Cancer Moonshot At SXSW
Former Vice President Joe Biden personally experienced the sorrow of cancer when his son Beau died of brain cancer in 2015 at age 46. This loss took Biden out of the 2016 race for the presidency, but it also inspired him to make the “cancer moonshot” a reality. This $6.3 billion research initiative aims to double the pace of cancer research over the course of five years by carefully targeting spending and making the best new therapies in the field available to more people.
On March 12, Biden and his wife Dr. Jill Biden took the stage at SXSW 2017 hoping to inspire the audience of “some of the most innovative minds in the world” to stay involved with the initiative so we can all benefit from “gigantic progress” in the battle for prevention, treatment, and detection of cancer. Biden emphasized his hope that this "generation can be the first to go through life with a different understanding of cancer as a preventable and controllable disease.”
Biden explained the various ways that the moonshot has benefitted from cooperation between government agencies, drug companies, private companies, researchers, healthcare professionals, hospitals, patients—all of whom are stakeholders in the fight. The moonshot has also become an international venture, which is vital to its success; Biden's work has already resulted in data sharing with 10 countries. “The hope is there will be tens of thousands more patients, increasing the commons and hopefully exponentially we'll have more data to be able to be examined to unlock some of the secrets this dreaded disease hides,” he said.

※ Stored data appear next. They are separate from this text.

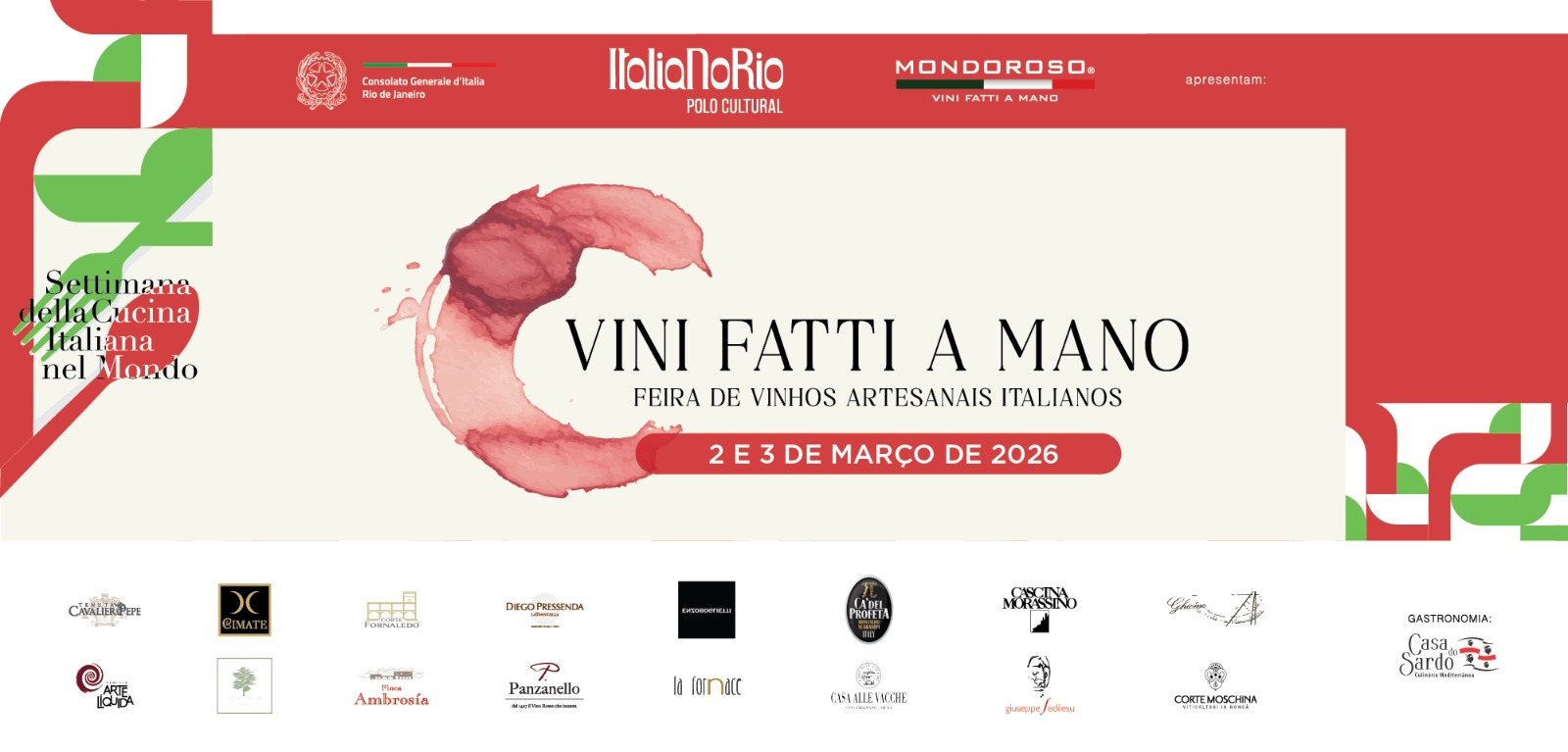 Nos dias 2 e 3 de março, o Polo Cultural recebe a Vini Fatti a Mano, uma feira–degustação com 14 importadores de vinhos italianos de alta qualidade, expressão autêntica de território, tradição e produção artesanal.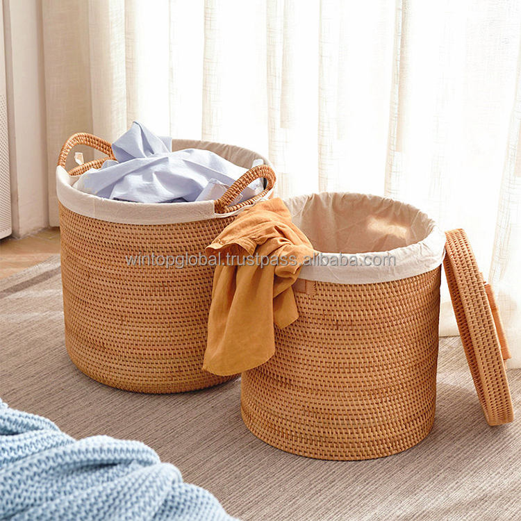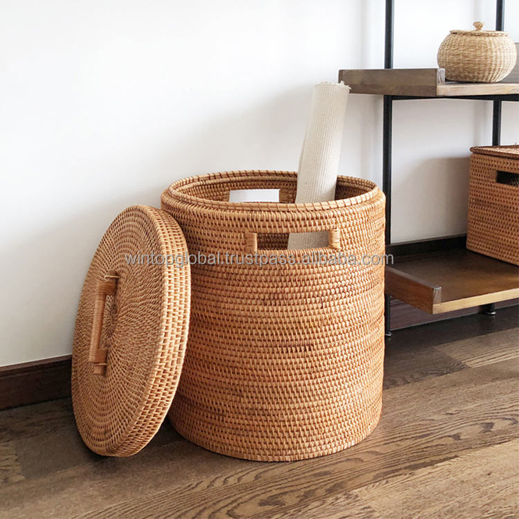 ตะกร้าเก็บของอเนกประสงค์ทรงรี วัสดุหวายน้ำ ยี่ห้อ WINTOP สไตล์โบโฮ หรูหรา เป็นมิตรกับสิ่งแวดล้อม ใช้เป็นถังขยะได้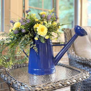 This watering can make indoor or outdoor plant maintenance quick and easy. Two Convenient top and side handles make it easy to carry and allow better control when watering your plants. Reduce and prevent trips to and from your watering source with this reputable garden tool! This sturdy watering can features a screw-on leak-proof sprinkler head to prevent leaks and keep your watering process tidy.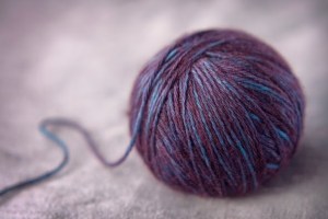 In an effort to find the perfect shade of aubergine to knit Cookie A’s ‘Marlene’ socks, I thought I’d have a go at hand dyeing yarn with food colouring. Although it hasn’t turned out as I envisaged (I’d prefer less colour variation) the result is quite pretty, even if it does rather remind me of a massive bruise!
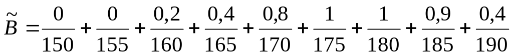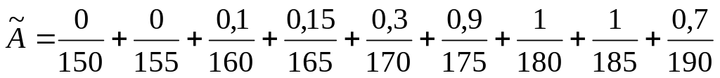 Приклад 5.1.1. Визначити за допомогою нечіткої множини поняття ”людина середнього зросту ” , задавши універсум множиною U = {150, 155, 160,… 190} (зріст заданий у см).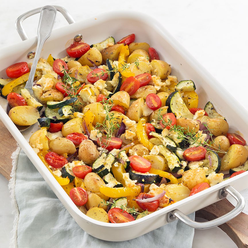 6. Kruimel de feta erover en zet vervolgens 15 minuten in de oven. Doe daarna de gehalveerde cherrytomaatjes erbij en zet nogmaals 5 tot 10 minuten in de oven tot de groenten en de aardappels gaar zijn.

Public Investment In Research
Biden was quick to point out that even government agencies you might not expect, such as NASA and the Department of Energy, have played a key role in the moonshot: “I don't know any outfit that knows more about radiation than NASA. [Radiation therapy] kills the bad guys, but kills a lot of good cells too, even when it's really precise,” he said. The National Cancer Institute's “Genomic Data Commons” has also more than doubled since the initiative began.
The Joint Economic Committee of the U.S. Congress has itself recognized the "critical role of the government in funding R&D." Congress asked the National Academy of Sciences (NAS) how it should assess the economic return on governmental investment in research. In 2014, NAS answered with their report, “Furthering America’s Research Enterprise.” The report indicates that the focus should be placed on cultivating a world-class research community, and that economic returns from research naturally follow once such a community exists. However, private funding for research is, by definition, focused on economic returns or other specific goals in almost all situations. This is why public investment in research and a government that is committed to working with scientists who are conducting potentially life-saving research are both so critical.
Biden highlighted some failures in cancer research until now, and many concern data silos. Failed trials don't get shared, so efforts are duplicated. Patients can access just about any information online, but not general data on cancer outcomes or genomic data — sometimes even their own. As exciting as Biden's efforts are, the reality at present is that the moonshot faces uncertainty, as do many scientific programs reliant on government funding.